I think that with issues of obesity and healthy eating being high in the public eye, it is natural that the US should increase its per capita consumption of yogurt vs. high carb breakfast cereal. It gets worse. Within breakfast foods, Kraft’s Belvita and General Mills’ Nature Valley were cited on the conference call as new entrants. I think there is a good case to be made for a structural decline in breakfast cereals.
With regards to snacks, the Pringles acquisition is a clear attempt to expand sales in that direction. It is a bold move, but will not come without execution risk. And execution, by Kellogg’s own admission, is not something being done well right now. Kellogg is planning some supply chain investment and that too will contain risk. Moreover, Kraft is refocusing toward snacks and Kellogg can expect to feel the heat of competition. In summary, things are hard in Kellogg’s core market.
I’m not sure where to start here. Management talked of significant weakness in cereal in Europe with price elasticity causing part of the sales drop off. I write ‘part’ because Kellogg was keen to point out that a lot of the European issues were ‘company specific.’ In other words, they can be turned around.
And there is a lot to turnaround. European brand building exercises were curtailed due to lack of success and there have been senior management changes at the European operations. Kellogg is planning to respond further by reducing overhead in order to deal with falling sales. All of which smacks of a tough market place.

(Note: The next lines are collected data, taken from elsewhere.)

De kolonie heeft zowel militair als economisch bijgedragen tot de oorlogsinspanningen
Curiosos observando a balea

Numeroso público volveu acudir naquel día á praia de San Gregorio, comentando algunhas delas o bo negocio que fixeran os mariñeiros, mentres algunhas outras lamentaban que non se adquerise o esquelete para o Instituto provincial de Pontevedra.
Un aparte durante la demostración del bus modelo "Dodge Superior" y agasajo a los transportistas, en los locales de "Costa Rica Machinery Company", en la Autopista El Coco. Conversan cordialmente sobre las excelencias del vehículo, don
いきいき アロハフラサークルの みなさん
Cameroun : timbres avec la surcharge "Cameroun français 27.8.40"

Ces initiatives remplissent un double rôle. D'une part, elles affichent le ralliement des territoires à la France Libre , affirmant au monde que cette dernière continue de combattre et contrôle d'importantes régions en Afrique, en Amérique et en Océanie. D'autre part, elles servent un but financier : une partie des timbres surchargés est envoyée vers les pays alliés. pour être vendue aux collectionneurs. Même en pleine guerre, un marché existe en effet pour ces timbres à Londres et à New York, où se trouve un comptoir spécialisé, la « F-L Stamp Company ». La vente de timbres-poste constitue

Frankly, even though the European economy is going through a very difficult patch, I think there is more to the story here. There does appear to be a structural decline in demand for breakfast cereal and, as a way to boost sales, I would question the long term reliance on this product.

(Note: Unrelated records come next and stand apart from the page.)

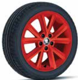
אדום (בשילוב עם גג אדום)
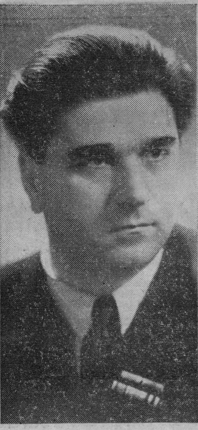
Gilberto VIEIRA, Secretario General.

Queridos camaradas: El Partido Comunista de Colombia saluda cariñosamente al glorioso Partido Comunista de España en el XXX aniversario de su fundación. El pueblo de Colombia vive actualmente bajo el terror de una dictadura reaccionaria que aplica los métodos bestiales de la Falange y del verdugo Franco y que ha sido impuesta por el imperialismo yanqui en desarrollo de sus planes de guerra y colonización. «La lucha por la liberación de los pueblos de España y de Colombia está ligada con la gran lucha mundial por la paz. Y las fuerzas crecientes del Frente democrático antimperialista, bajo la dirección de la Unión Soviética y del camarada Stalin, habrán de derrotar a los empresarios imperialistas de una nueva guerra y a sus chales, los Francisco Franco de España y los Laureano Gómez de Colombia. ¡Gloria eterna a la memoria de José Díaz! ¡Larga vida a Dolores Ibarri! ¡Viva el glorioso Partido Comunista de España!
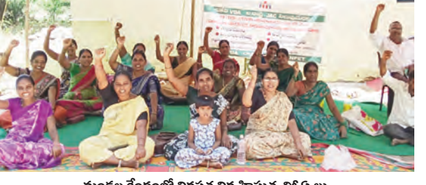
మండల కేంద్రంలో నిరసన నిర్వహిస్తున్న జేపీసీ లు.
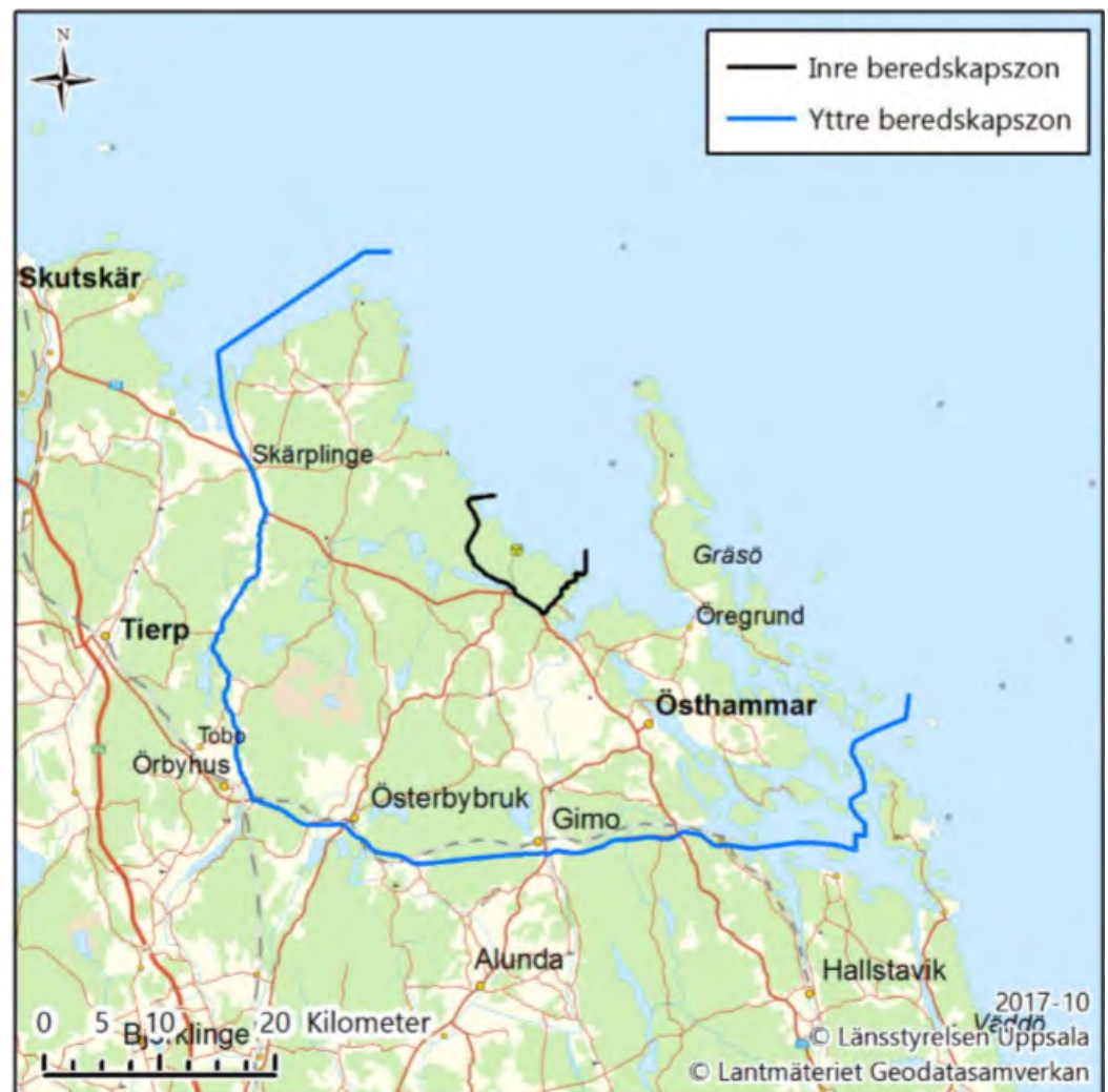
Beredskapszoner. Förslag på inre och yttre beredskapszon kring Forsmarks kärnkraftverk.

Inom beredskapszonerna ska det finnas en planering för utrymning, inomhusvistelse och intag av jodtabletter samt system för varning av allmänheten och förhandsutdelad information om åtgärder vid larm. Inom planeringsavståndet ska det finnas en planering för utrymning som bygger på strålningsmätningar samt planering för inomhusvistelse och begränsad extrautdelning av jodtabletter.
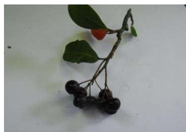
aronie-černý jeřáb (plody - šťáva)

c) léčivky zvyšující obranyschopnost organismu

What does Kellogg need to do?
For the stock to become attractive - at least to me - the company needs to integrate Pringles well and come up with an acquisition or two in order to find or create a brand that it can grow sales with. Simply relying on some piecemeal restructuring efforts may well not be enough to turn things around.
Lower commodity costs will help in future and the management restructuring will surely have its effect. So clearly, there is some upside here. A decent dividend will attract some investors. However, it is not enough and until Kellogg executes and/or makes some strategic decisions about how to deal with conditions in its core product market, I’m merely inclined to monitor the stock.
If you like the sector then General Mills is worth a look. Danone is attractive but has heavy exposure to both France and Spain. Kraft appears to be positioning itself better than Kellogg. Nevertheless, none of this group is immune from headwinds this year.
Perhaps food stocks are not as defensive as everyone thought they might be.